Ducklake#

class ducklake.Ducklake[source]#

A connection to a DuckLake instance.

Methods:

`at`	Time travel to a specific snapshot in the catalog.
`checkpoint`	Run all recommended maintenance operations on the catalog.
`cleanup_old_files`	Delete files that have been scheduled for deletion.
`create_schema`	Create a new schema in the catalog.
`create_table`	Create a new table in the catalog.
`delete_orphaned_files`	Delete files in the data directory that are not tracked in the catalog database.
`disconnect`	Disconnect from the catalog database, gracefully closing all underlying connections.
`execute_sql`	Execute an arbitrary SQL query against the catalog database.
`expire_snapshots`	Expire snapshots in the catalog so the data they reference can be cleaned up.
`get_latest_snapshot`	Get metadata for the latest snapshot in the catalog.
`get_table`	Read a table from the catalog.
`list_schemas`	List all schema names in the catalog.
`list_snapshots`	List metadata for all snapshots in the catalog.
`list_tables`	List all tables in the catalog.
`merge_adjacent_files`	Merge small adjacent data files into larger ones across the catalog.
`rewrite_data_files`	Rewrite data files with a high fraction of deleted rows across the catalog.
`set_metadata`	Set one or more metadata options at the global or schema scope.
`transaction`	Start a new transaction against the catalog.

Attributes:

metadata

The metadata associated with the catalog.

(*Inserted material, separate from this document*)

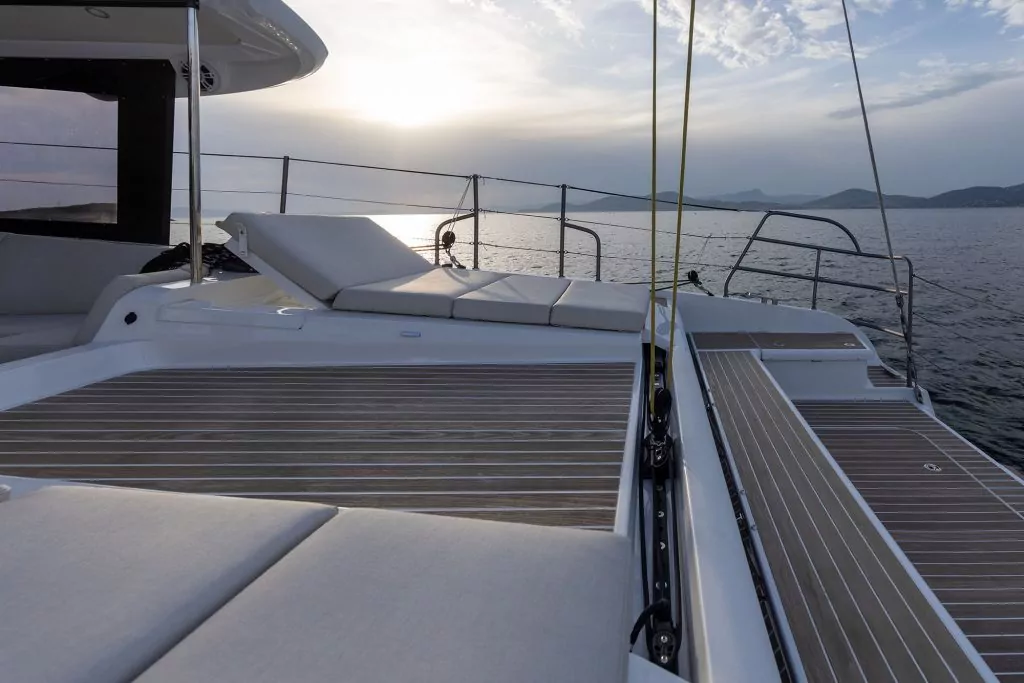 •The relaxation space, as a natural extension of the cockpit, featurestwo generous sun beds that can be turned into sofas. One couldlounge around, read a book, watch the stars, no to mention the sunset.

at(at: int | dt.datetime, /) → Ducklake[source]#

Time travel to a specific snapshot in the catalog.

Parameters:: at – The ID of the snapshot to time travel to, or a timestamp to find the latest snapshot before that timestamp.
Returns:: A new Ducklake instance time traveled to the specified snapshot.

checkpoint() → None[source]#

Run all recommended maintenance operations on the catalog.

Executes the DuckDB CHECKPOINT statement which flushes inlined data, expires snapshots, merges adjacent files, rewrites files with deletes and cleans up orphaned files. The behavior is configured via the rewrite_delete_threshold, delete_older_than, expire_older_than and auto_compact metadata options.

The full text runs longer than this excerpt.